KİTAPTAN SEVDİĞİM ALINTILAR:

 

“O gün yutamadığım, boğazıma takılan, kursağımda kalan o şeyin ‘hevesim’ olduğunu yıllar sonra anlıyorum.”

 

"Morg neden tek heceli bir kelime, o gün anladım. İki heceli olsa çıkmaz insanın ağzından.

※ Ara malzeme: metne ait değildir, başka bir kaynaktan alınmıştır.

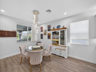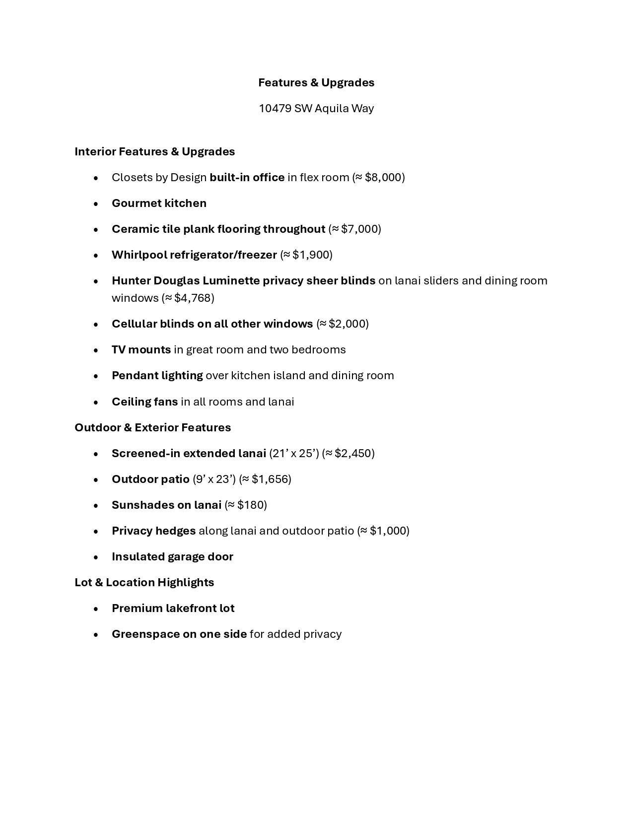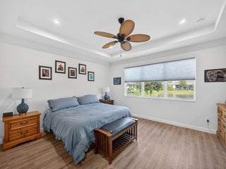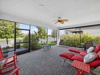 Situated on a premium lakefront lot with lush greenspace on one side, this impeccably upgraded residence located in Telaro at Tradition offers refined indoor-outdoor living and elevated design throughout. Thoughtfully curated enhancements blend luxury, comfort, and functionality in every space. The home features ceramic tile plank flooring throughout, creating a seamless, modern aesthetic. A gourmet kitchen anchors the living space, accented by designer pendant lighting and ideal for both entertaining and everyday living. The flex room has been transformed with a custom Closets by Design built-in office, providing a sophisticated and highly functional workspace.Expansive sliders open to a screened, extended lanai and adjacent outdoor patio, offering the perfect setting to relax while enjoying tranquil lake views. Privacy hedges and lanai sunshades enhance comfort and seclusion, creating a true outdoor retreat. Premium window treatments include Hunter Douglas Luminette privacy sheers on lanai sliders and dining room windows, complemented by custom cellular blinds throughout the remainder of the home. Ceiling fans in every room and the lanai, an insulated garage door, and a Whirlpool refrigerator/freezer add comfort and efficiency. Additional upgrades include TV mounts in the great room and two bedrooms, completing this move-in-ready home designed for effortless Florida living. This exceptional property combines a coveted lot, high-end finishes, and thoughtful upgrades an ideal opportunity for buyers seeking luxury, privacy, and style. HOA covers cable, internet, lawn care, security, and community events. Ideally located near Cleveland Clinic, top medical facilities, the upcoming Heart of Tradition shopping center, and the future Stars & Stripes Sports Park.
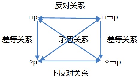 (3)必然P与可能非p具有矛盾关系,可能非p等值于并非必然p。
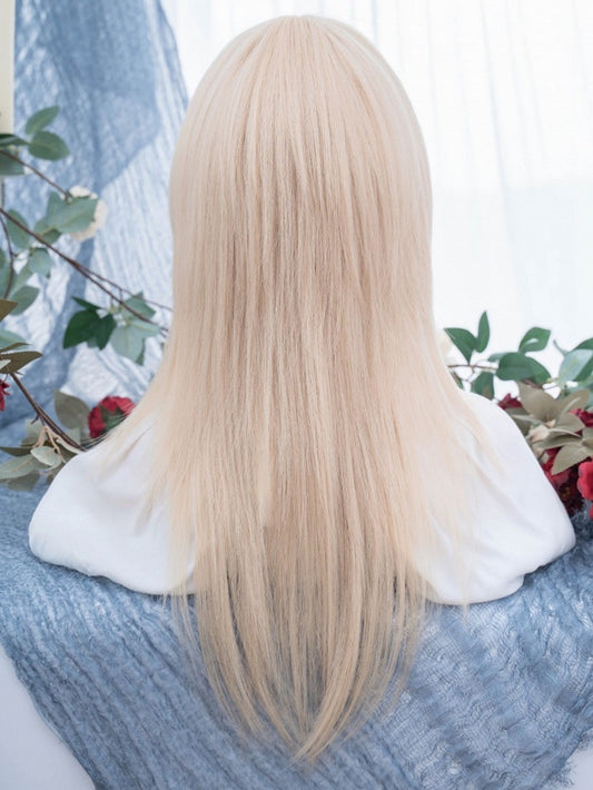 Hellblonde lange glatte Kunsthaarperücke mit Pony
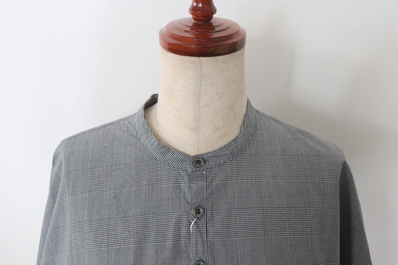 襟元はすっきりとした印象のバンドカラー。 フロントの3つボタンがアクセントに。
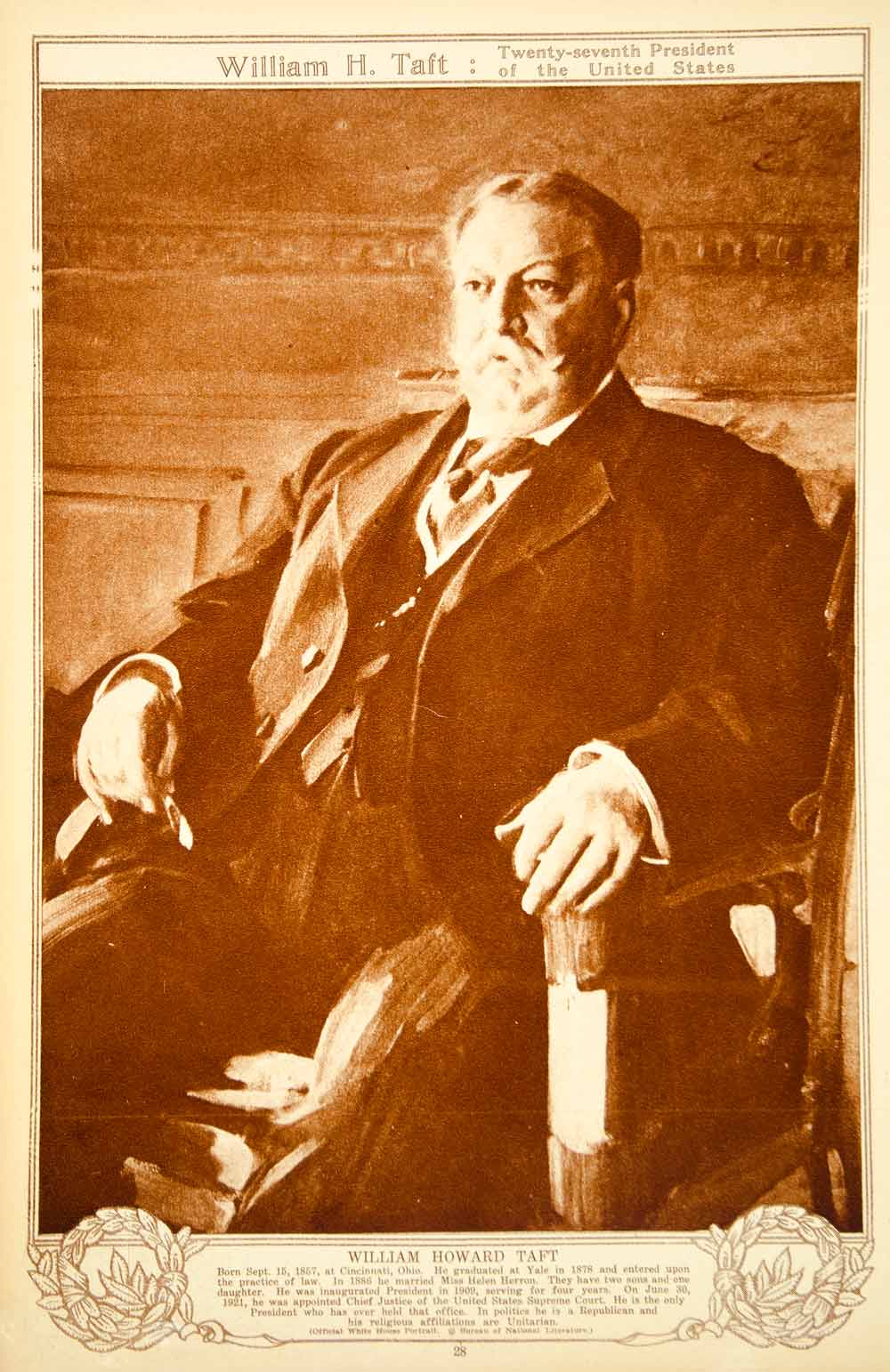 This is an original 1923 sepia rotogravure of the official White House portrait of William Howard Taft, the twenty-seventh President of the United States.
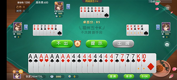 同城游五十K手机版是一款扑克牌游戏,拥有丰富多样的游戏规则与玩法。该游戏支持多人实时联网对战,玩家能够与全球各地的真实玩家展开较量,感受竞技带来的刺激与乐趣。同时,游戏十分重视玩家间的社交互动,配备了语音聊天和社交功能,玩家可以与其他玩家实时交流,结交朋友,一同畅享游戏的欢乐。
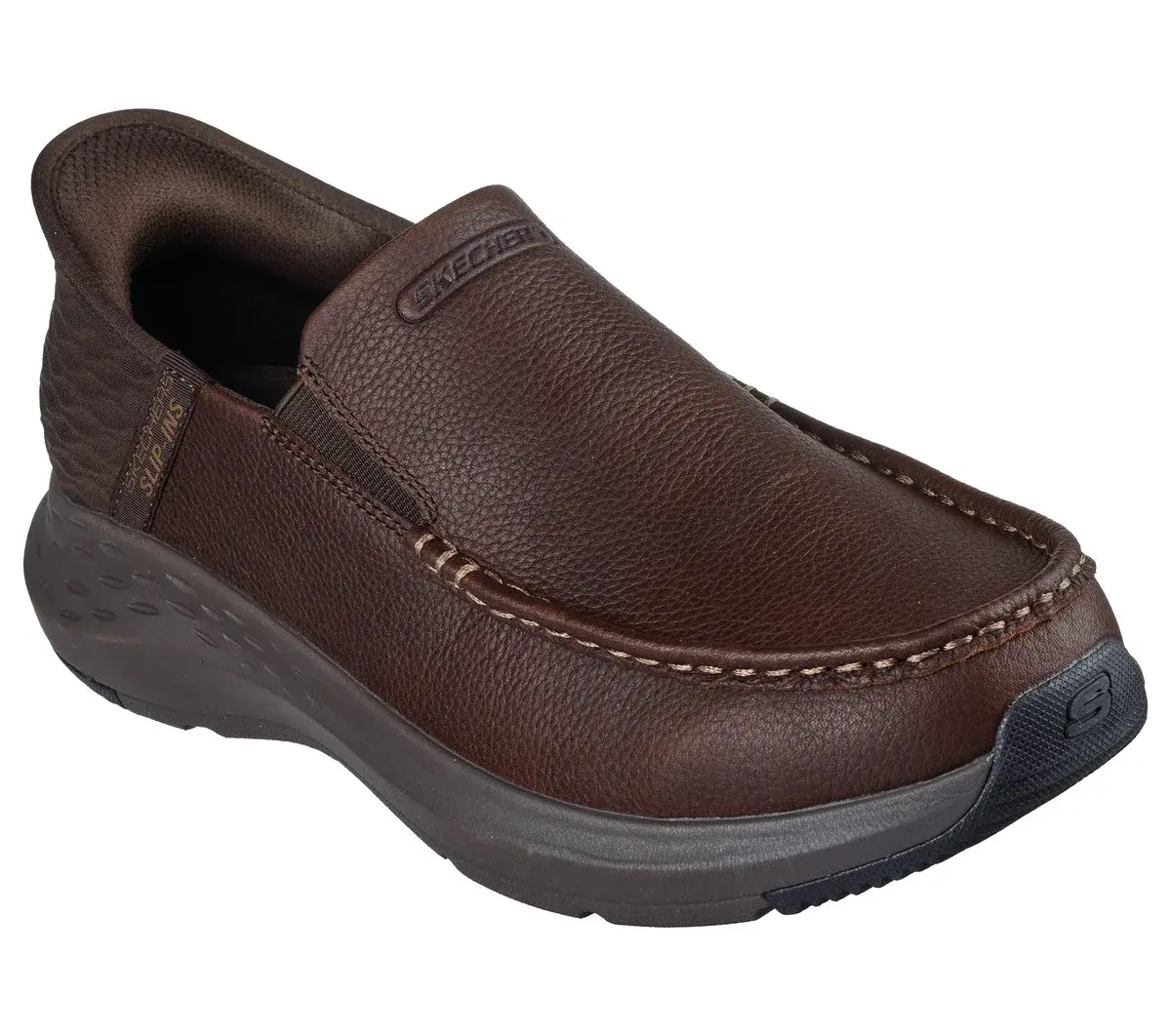 Go Hands Free™ Step into easy-wearing comfort and classic style with Skechers Hands Free Slip-ins® Relaxed Fit®: Parson – Oswin. Designed with our exclusive Heel Pillow™, this laceless fit moc toe style features a Skechers Slip-ins® molded heel panel, leather upper, Skechers Air-Cooled Memory Foam® insole, and Goga Mat Arch™ cushioning for added support.
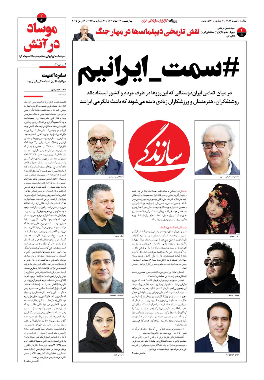 شماره ۲۱۳۴ روزنامه سازندگی چهارشنبه ۱۴۰۴/۰۹/۱۹ ۱۹-۰۹-۱۴۰۴-۲۱۳۴ Sazandegi
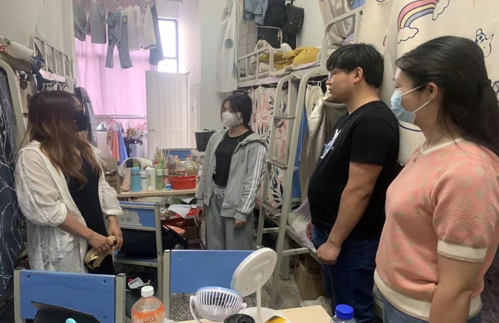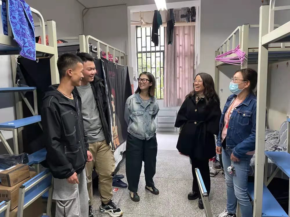杨家娣副院长带领大家依次走进了多间宿舍,杨副院长代表www.男人天堂的党政领导班子表达了学院对同学们的亲切关怀,详细了解并询问了同学们的学习生活情况、节日安排等,勉励同学们要珍惜美好的青春时光,扎实学好专业本领,努力提高综合素养,争做德智体美劳全面发展的社会主义建设者和接班人。她告知同学们五一期间学校准备了丰富多彩地活动,大家可以走出宿舍多去参加活动,感受大学生活的美好;叮嘱同学们,五一期间一定注意出行安全,妥善保管财物,重视个人防护,勤洗手多通风,加强体育锻炼,注意身体健康。同学们表示学院领导和老师们的到访,让平淡的五一假期多了几分欢愉。
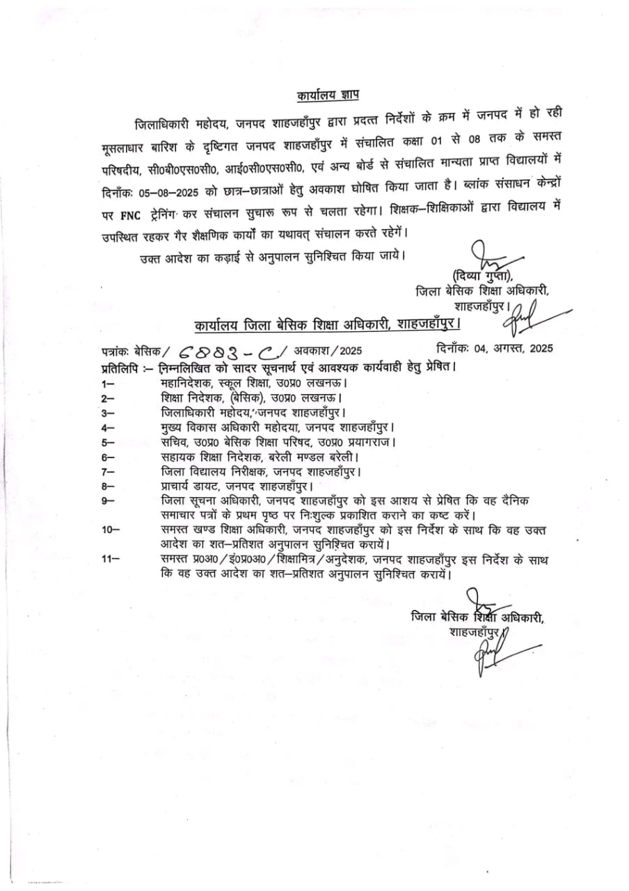 शाहजहांपुर में बच्चों के लिए कल का अवकाश घोषित शिक्षकों के लिए नही✅
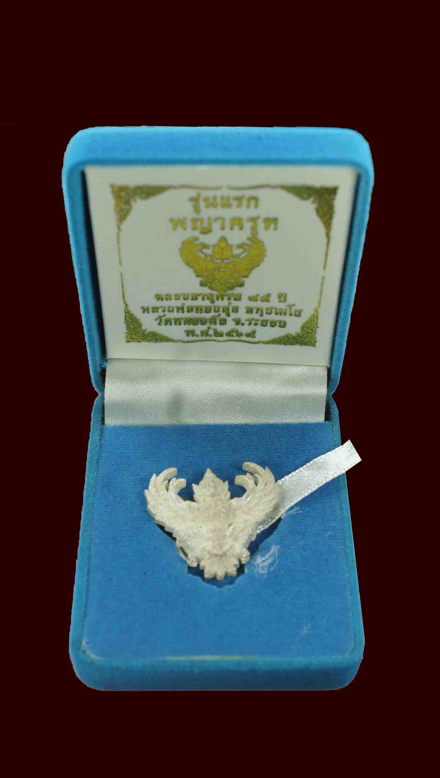 แชม์ที่ 1 งานระยอง ปี 2566 *** พญาครุฑ รุ่นแรก ฉลองอายุครบรอบ 85 ปี เนื้อเงินซาติน หมายเลข 2 หลัก **92** หลวงพ่อทองสุข วัดหนองฆ้อ ระยอง ปี 2568 พร้อมกล่องเดิมจากวัด ( ขนาดความสูง 3 ซม. กว้าง 3.5 ซม. )
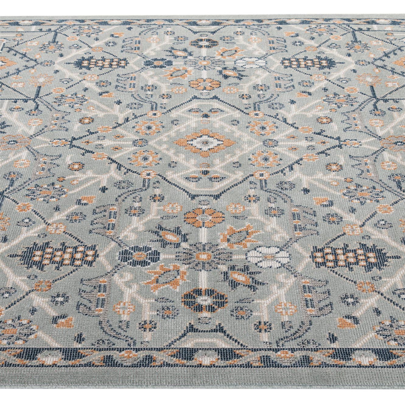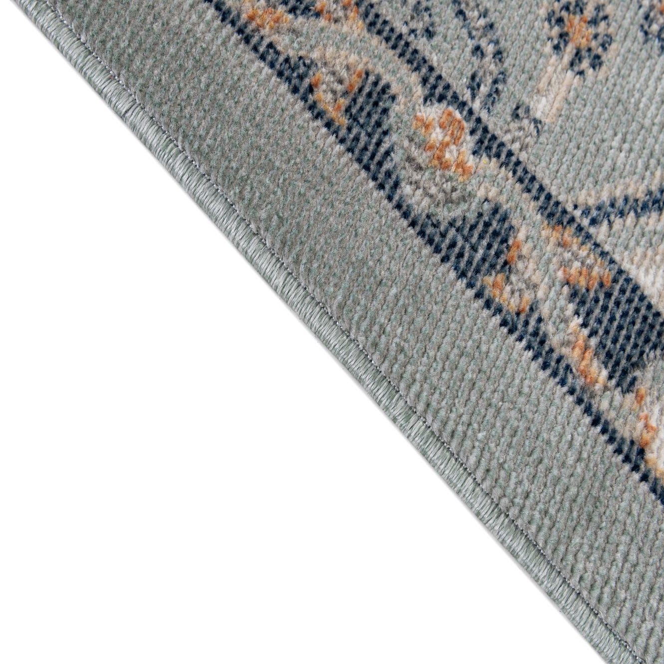 Primary color is Gray. Colors in this rug include: Gray, Beige, Ivory, Navy Blue.
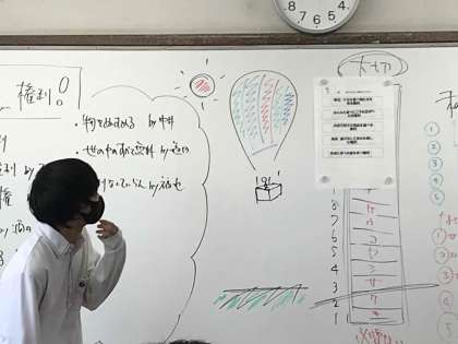 その権利を失うとしたらどの順番で捨てるか、また、どの権利を失くすと生きていけないか。たくさん議論ができてよかったです。今年も道徳の時間を有意義なものにしていきましょう。
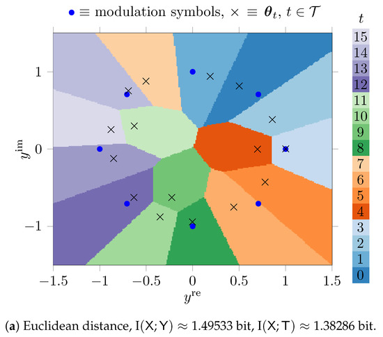 The phenotypes in this scenario hold real valued parameters that represent the real and the imaginary parts of 16 complex numbers. The optimized parameters are denoted using × markers in Figure 7 in the complex plane. As it can be seen, the genetic algorithm automatically learns favorable positions in terms of the maximum preservation of I under the respective distance . The quantizers from Figure 7a,b both can be described with parameters, but have quantization regions with very complicated shapes that allow us to preserve large amounts of relevant information. The preserved relevant mutual information is I bit (i.e., of I) for the Euclidean distance and I bit (i.e., of I) for the Manhattan distance.
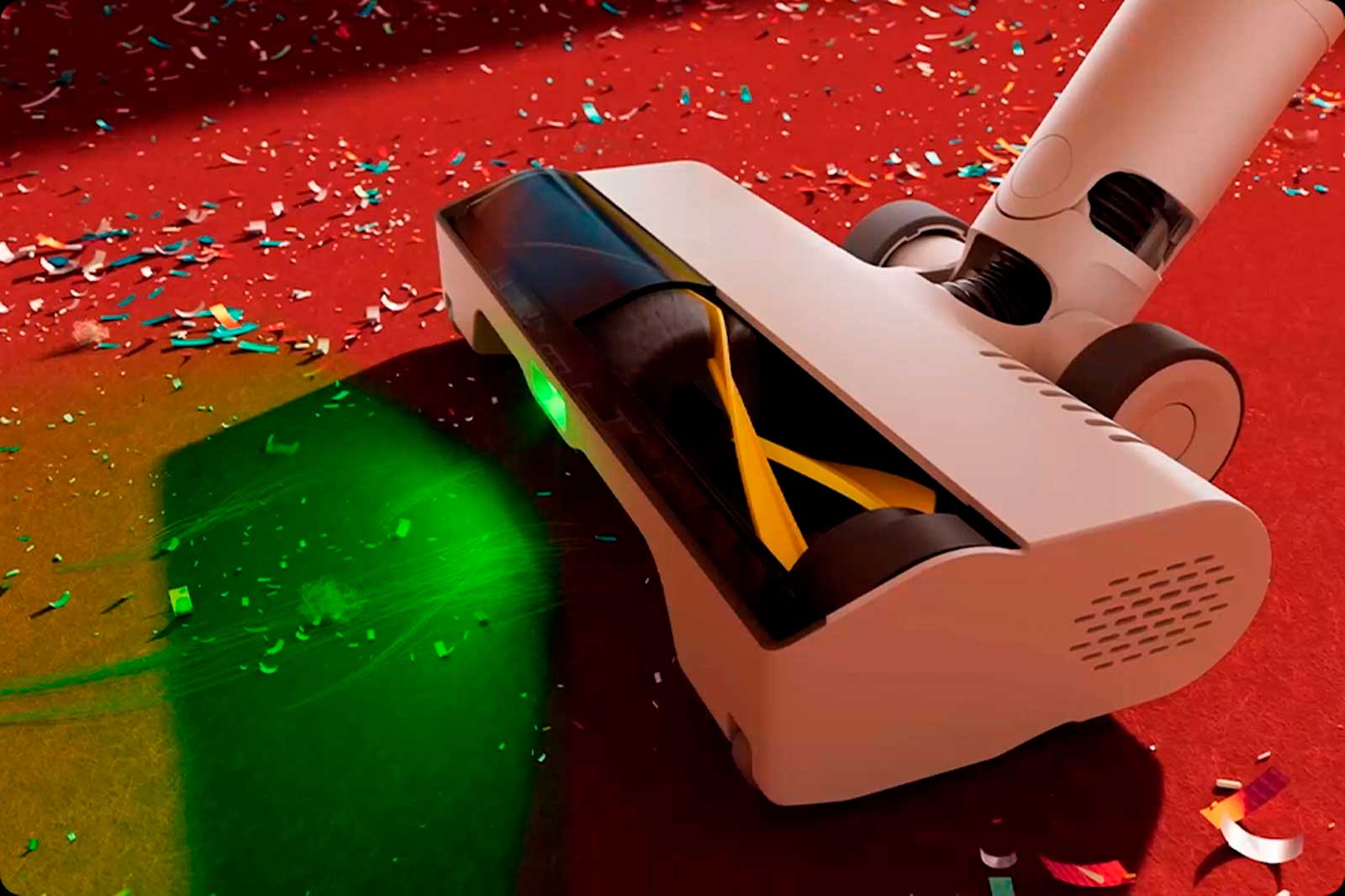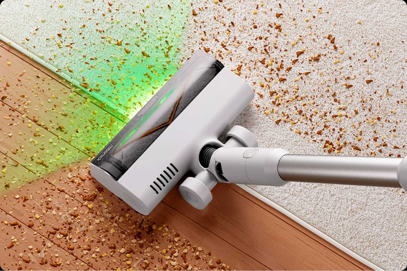 В передней части щетки Roborock H60 установлена светодиодная подсветка зелёного цвета с углом освещения 140°, которая помогает выявить даже самые незаметные загрязнения. С её помощью становятся видимыми мельчайшие частицы пыли,

Bir kerede söylüyorsun, boğazına takılıyor, sonunu duymuyorsun."

 

“Görünmez bir defter vardır babaların elinde, başkalarının sözüyle kapandığı çok olmuştur.”

 

“İntikam; taş atana taş atmak değil, taş atanı unutmak, atılan taşı saklamaktı benim dünyamda.”

 

“İnsan nasıl ki rüyalarından kendisi uyanamıyorsa, rüyadaymış gibi yaşadığı gerçeklikten de kendisi uyanamıyor.”

 

“Bu zamanla geçer dediğiniz zaman, takribi ne zaman ey insanlar?”

 

“Anlıyordum ki, fakirlik ve ucuzluk aynı şey; biri insana, biri eşyaya mahsus; ikisi de sevilmiyor, ikisinde de tüm samimiyetine rağmen değersizleşiyorsun.

 

"Hayatım boyunca bütün ‘ölümü öp'leri annem demiş, öpülmek için ölmekse babama düşmüştü."